• _WHAT YOU SHOULD DO_: Without any pictures, print exactly the lines that run from the start of the data through the line containing "2.龍蝦撒少許生粉,放入滾油中泡一泡後,以冷油回鑊。".

• _RECORDS TO PROCESS_:
|---|
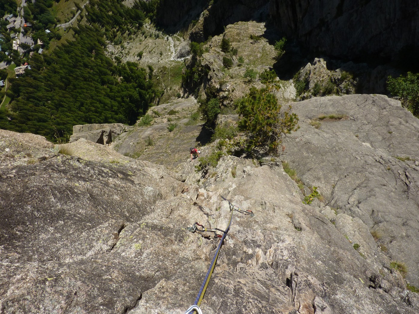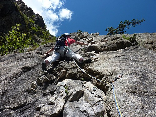 První cesta La Cocarde v sektoru La Poire . Obtížnost 5c, šest délek. Před námi nastupuje smíšená dvojka. Jsou trochu pomalejší, ale není to nejhorší. Po chvíli čekání nastupuji krátkou kolmou stěnkou do položené hladké plotny. Plotna je skutečně hladká a ne až tak moc položená, jak se ze země zdálo. Po chvíli rozkoukávání a seznamování se s místní skálou to nakonec docela dobře jde. Sváťa má druhou délku, zajímavý travers doprava nad převisem po skalní žíle, která je zvláštně členěná. Jako by někdo do roztavené skály vtiskl hranaté kameny, a to celé nechal ztuhnout. Vše je dokonale pevné. Třetí délka vede plytkým vhloubením a plochou stěnou technickým lezením. Ze štandu to sice nebylo vidět, ale je tu sem tam chyt i stup. Stále pěkné lezení, a tak to zůstane až nahoru. Slanění a zpět na kemp.
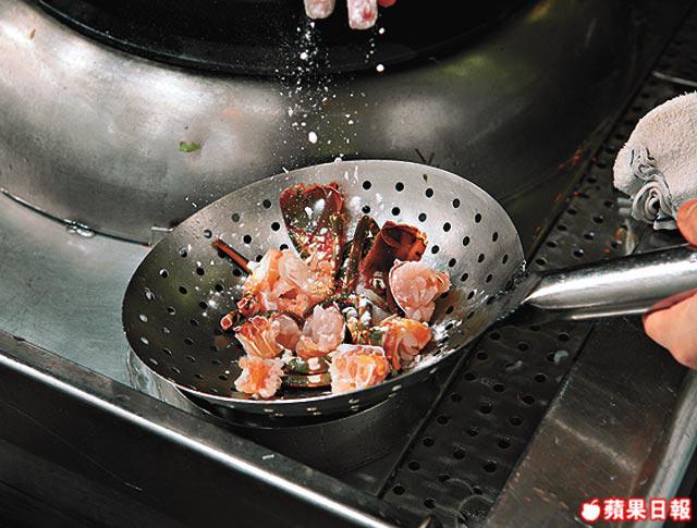 2.龍蝦撒少許生粉,放入滾油中泡一泡後,以冷油回鑊。
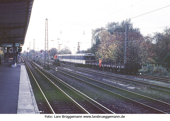 Es war schon dunkel, an digitele Fotografie und die praktische Einstellung der ASA-Zahl in der Digitalkamera war hier noch nicht zu denken. Bestenfalls ein 400 ASA Diafilm stand mir hier zur Verfügung und leider nur eine offene Blende wie Blende 2,8. Die Zeit war auch knapp denn ich war hier nur für das Foto schnell ausgestiegen und wollte ja auch wieder mit. So entstehen dann Zeitdokumente. Am 31. März 2000 fuhren die 471 040 und 016 am letzten Einsatztag der Baureihe 471 auf der S 11, als ebenso letzter 471 von Blankenese nach Ohlsdorf hier in den Bahnhof Hamburg-Bahrenfeld ein. Wie bereits der Zweite Weltkrieg in Europa tobte wurde der ET 171 040 im Jahr 1943 im schlesischen Breslau bei LHB gebaut und am 8. April 1943 nach Hamburg geliefert. 1985 wurde er im Aw Stuttgart Bad Cannstatt modernisiert und erhielt zum Beispiel neue Fenster woran man diese besonders gut erkannte. So bekamen die Züge auch den Namen Cannstätter, von den Cannstättern ist kein Zug erhalten geblieben. Dia U 23.001-1 FP2 Foto: Lars Brüggemann Interner Vermerk: Dieses Foto ist noch unter einem anderen Dateinamen online. Diese Seite ist ein Teil einer Online-Foto-Sammlung ähnlich einem Bildband, Sie können sich hier von Seite zu Seite durchklicken. Vielleicht suchen Sie aber Fotos für eine Heimatchronik, ein Fachbuch oder einen Fachartikel? Schreiben Sie mir! Email an Lars Brüggemann: mail@larsbrueggemann.de Hierbei handelt es sich um ein journalistisches Angebot, es richtet sich nicht an bildersammelnde Eisenbahnfreunde zur kostenlosen Zusendung (für "private Zwecke"). Ebenso bitte ich um Verständnis das ich als Journalist keine kostenlosen Fotos für Veröffentlichungen anbiete (selbst bei so verheißungsvollen Angeboten wie: "selbstverständlich schreiben wir auch Ihren Namen dazu"). zurück zur: Startseite |
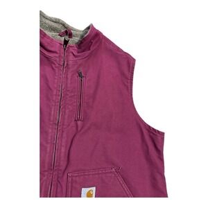Carhartt Canvas Vest Women Size XL Sherpa Lined Full Zip Mauve Pink Berry WV001648. This vest is in good condition. It has two front pockets and full zip closure. Please see photos for best description and details.
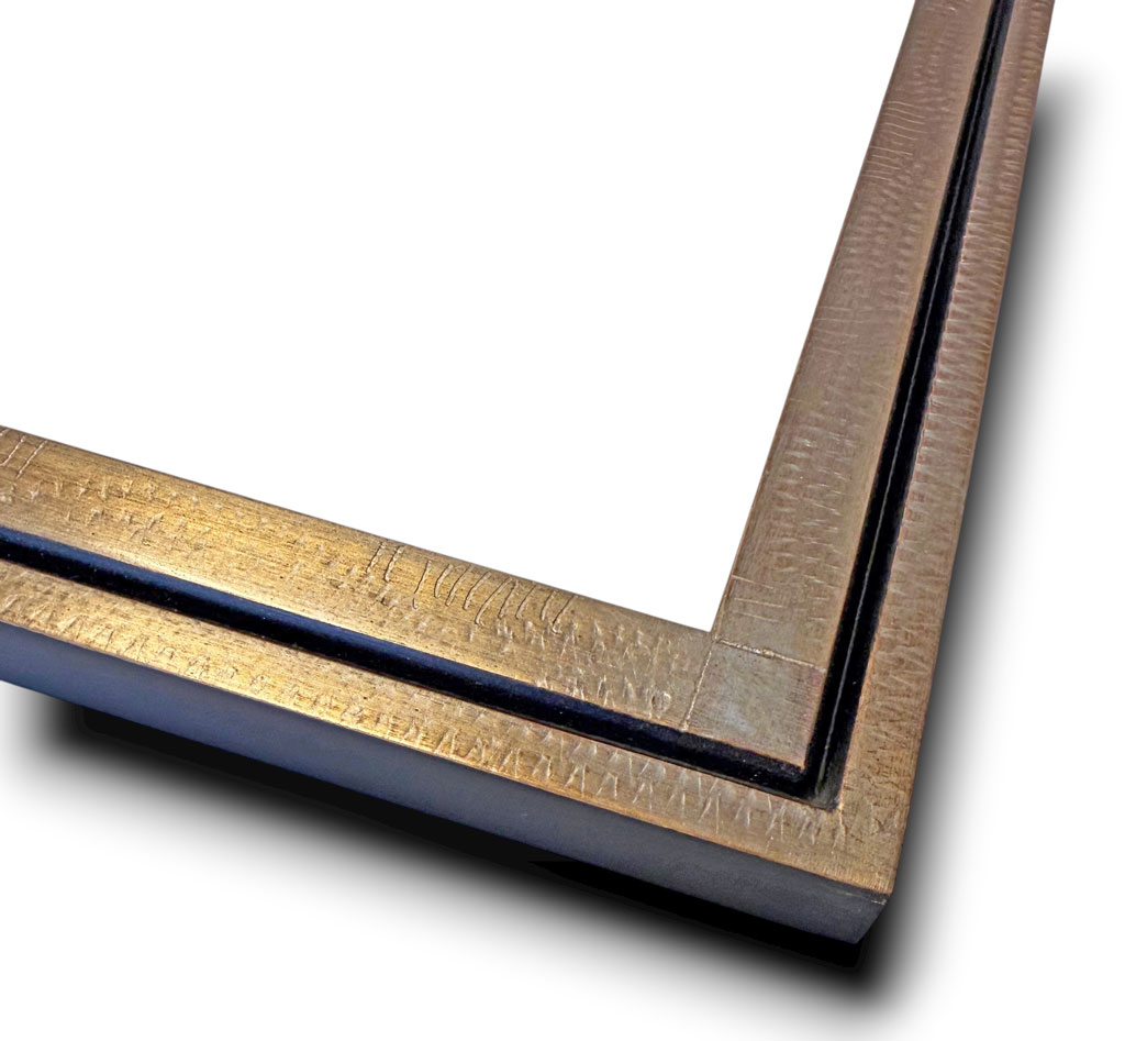 Kupfer vergoldung oder Feingold , Weissgold oder echtes Silber, Holzshnitzerei, Eichenrahmen, klassische Rahmen, aber auch mit Hilfe moderner Materiallen wird in unsere Kollektion Alurahmen mit Plexiglas und Holz vermischt.
|---|
• _TASK ANSWER_:
 První cesta La Cocarde v sektoru La Poire . Obtížnost 5c, šest délek. Před námi nastupuje smíšená dvojka. Jsou trochu pomalejší, ale není to nejhorší. Po chvíli čekání nastupuji krátkou kolmou stěnkou do položené hladké plotny. Plotna je skutečně hladká a ne až tak moc položená, jak se ze země zdálo. Po chvíli rozkoukávání a seznamování se s místní skálou to nakonec docela dobře jde. Sváťa má druhou délku, zajímavý travers doprava nad převisem po skalní žíle, která je zvláštně členěná. Jako by někdo do roztavené skály vtiskl hranaté kameny, a to celé nechal ztuhnout. Vše je dokonale pevné. Třetí délka vede plytkým vhloubením a plochou stěnou technickým lezením. Ze štandu to sice nebylo vidět, ale je tu sem tam chyt i stup. Stále pěkné lezení, a tak to zůstane až nahoru. Slanění a zpět na kemp.
 2.龍蝦撒少許生粉,放入滾油中泡一泡後,以冷油回鑊。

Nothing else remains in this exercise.